You Look Good For Your Age: An Anthology

By Jannie Edwards

edited by Rona Altrows, University of Alberta Press, 2021/$26.99/224 pp.

The title of this anthology edited by Calgary writer Rona Altrows echoes a backhanded compliment that sparked a deep dive into Altrows’s ambivalence about aging and frustration with the gendered pathology of systemic ageism. Altrows reached out to 29 writers identifying as women in their middle to advanced age, a call that resulted in this engaging collection of fiction, non-fiction and poetry.

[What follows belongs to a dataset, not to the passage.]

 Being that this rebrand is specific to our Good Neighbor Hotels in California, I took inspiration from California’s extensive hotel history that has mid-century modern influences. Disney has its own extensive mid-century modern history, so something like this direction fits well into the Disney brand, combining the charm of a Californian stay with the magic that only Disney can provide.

The best writing wrestles with existential questions of identity in the context of aging. Sharon Butala’s unsentimental, even forensic examination of her evolving reaction to the diagnosis of inevitable vision loss engages the tradition of the personal essay, from Montaigne to Didion. Butala’s clear, nuanced prose artfully carries the drama of a profoundly self-aware writer interrogating her stoic vulnerability amid the growing awareness that aging grinds away one’s sense of exceptionalism: “Now I too—wonderful me!—could go legally blind like anyone else.”

In the “Elders” section, writers explore the pain and rewards of aging children caring for aging parents. Roberta Rees’s moving essay “Upriver” ripples out from her mother’s extraordinary life as a survivor of brutal childhood rape to assay “what it means to be a woman looking—being looked at, doing the looking, looking out, looking after, living long enough to see children grow up, to wear time in our bodies, our faces, our minds.”

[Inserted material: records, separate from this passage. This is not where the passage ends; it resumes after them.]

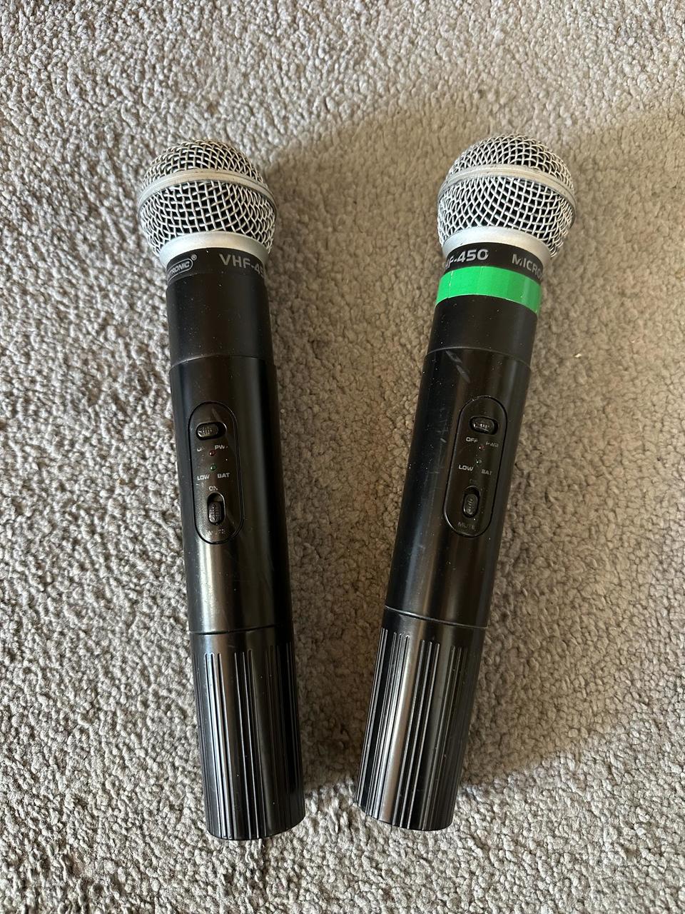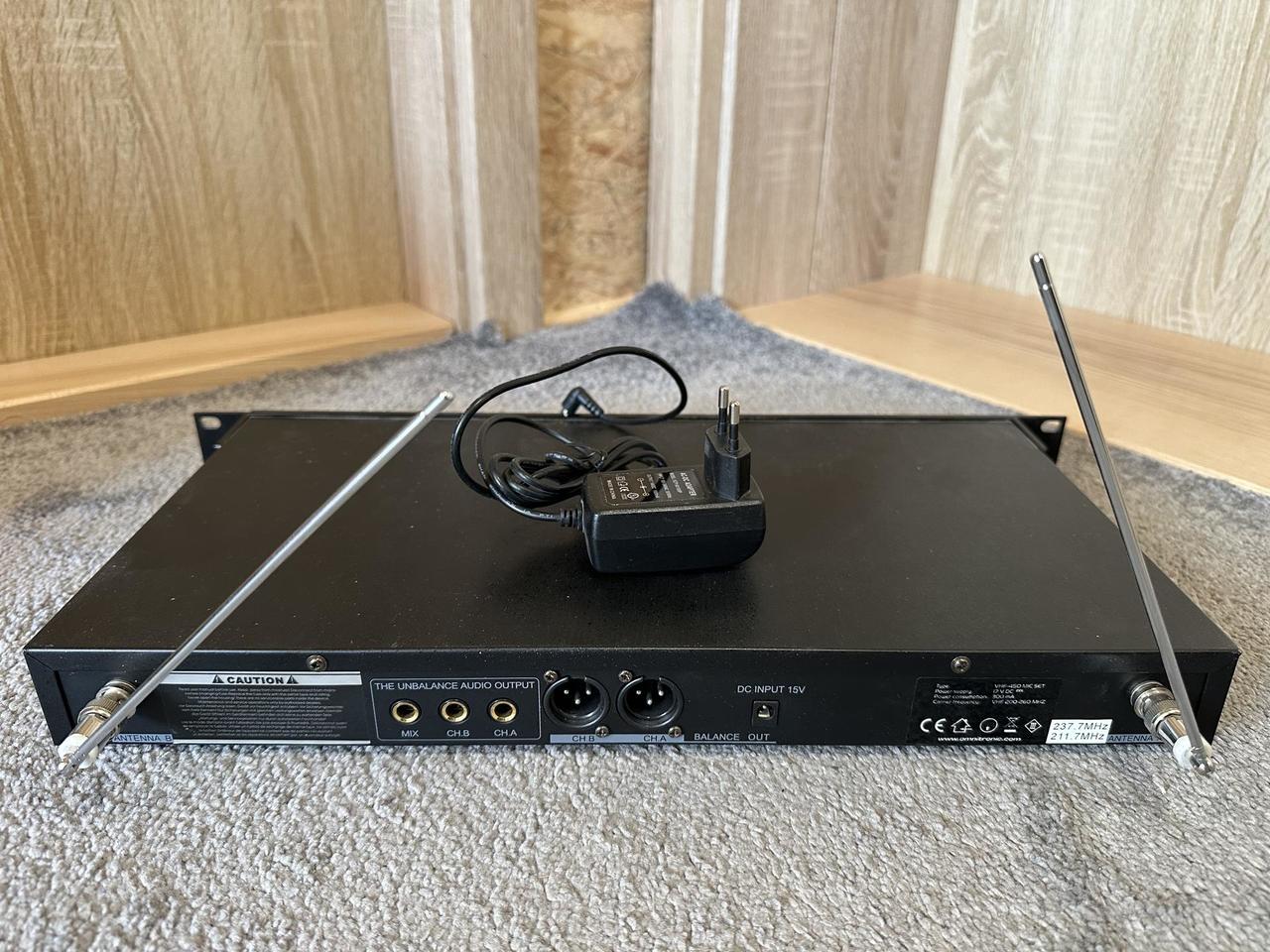 Prodám bezdrátové mikrofony Omnitronic VHF 450. Jedná o set 2 ks bezdrátových mikrofonů na 9V baterie a přijímač s možností umístění do racku. Včetně napájecího adaptéru - viz foto. Vše používané jen v učebně hudební školy; tedy použité, ale jen v nekuřáckém prostředí. Při rychlém jednání domluva možná. Jen osobní předání Brno.
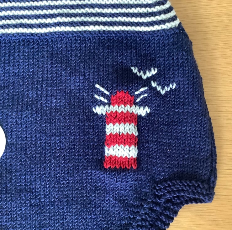 It is navy blue in colour and has cream stripes on the top. It has a cranberry red and cream lighthouse embroidered on the front.
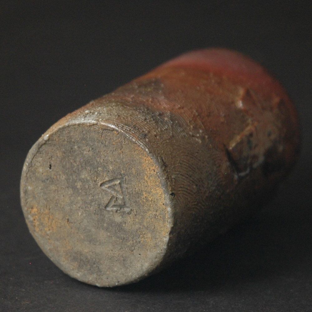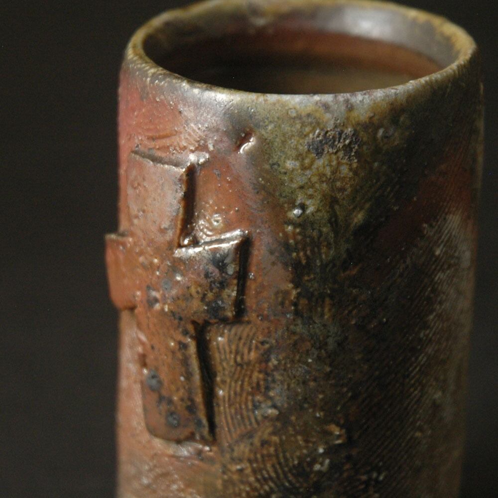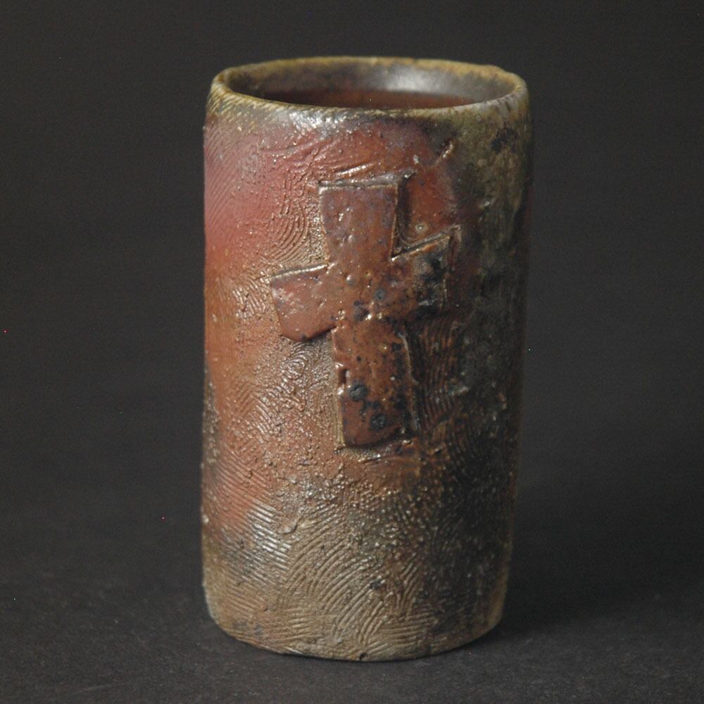 ロクロ成形後、表面を櫛目で整え、原土仕立ての十字のレリーフを張り付けて加飾された筒酒呑(ぐい呑み)。
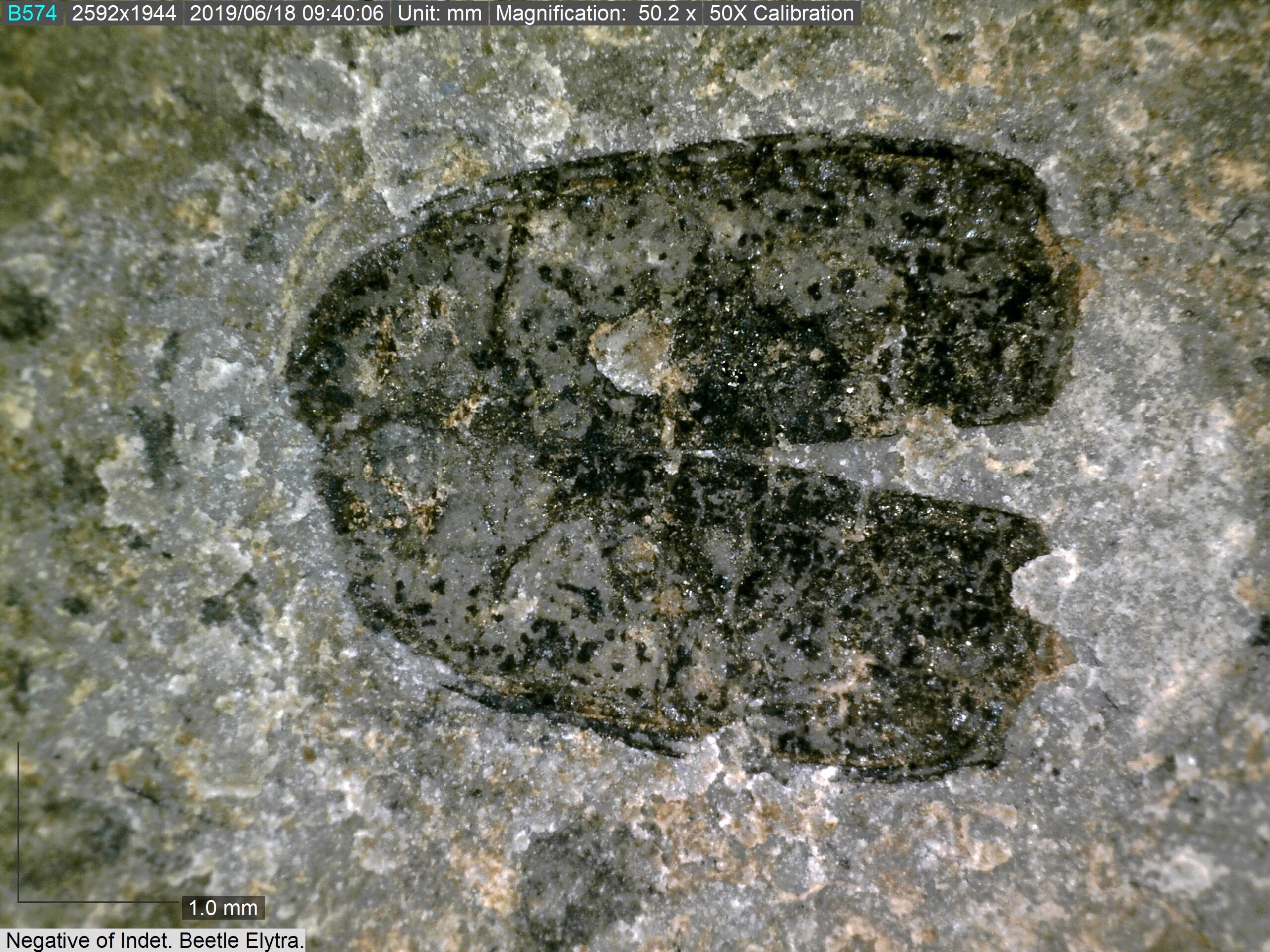 Paired beetle elytra, part and counterpart preserved in a limestone nodule

Writers not only closely observe their worlds but also watch themselves watching. Laurie MacFayden’s found poem “you will be amazed,” satirizes the internet’s consumerist offers of youthfulness, including kitchen face masks doubling as party dips. There is the feisty brio of educated, healthy older white women refusing narratives of inevitable decline. JoAnn McCaig parodies self-help nostrums, offering herself her own advice to deal with the pain of hemorrhoids (reminiscent of another pain in the ass—her ex-husband). Lorri Neilsen Glenn’s “She” universalizes the productive surge of older women freed from the scrutiny of the male gaze: “Not only does she have a room of her own, she has become her own room.” Aritha van Herk embraces the creative, even archetypal, superpower of invisibility that comes with women aging: “In disappearing… I am less present but more powerful.” Joyce Harries’s poetic rant “One More Word” gets the last word: “yes, I’m still here…/ embrace the day.”

A short review can offer only glimpses of this collection. I will say the quality of writing is uneven. And while Altrows disavows any claim to cover all experiences of aging, I was surprised to find only one dramatization of a long-term, sustaining female friendship in Madelaine Shaw-Wong’s story “Lily’s Funeral.” On balance there is much to be savoured here. Buy the book.

Jannie Edwards is a poet, teacher and editor in Edmonton.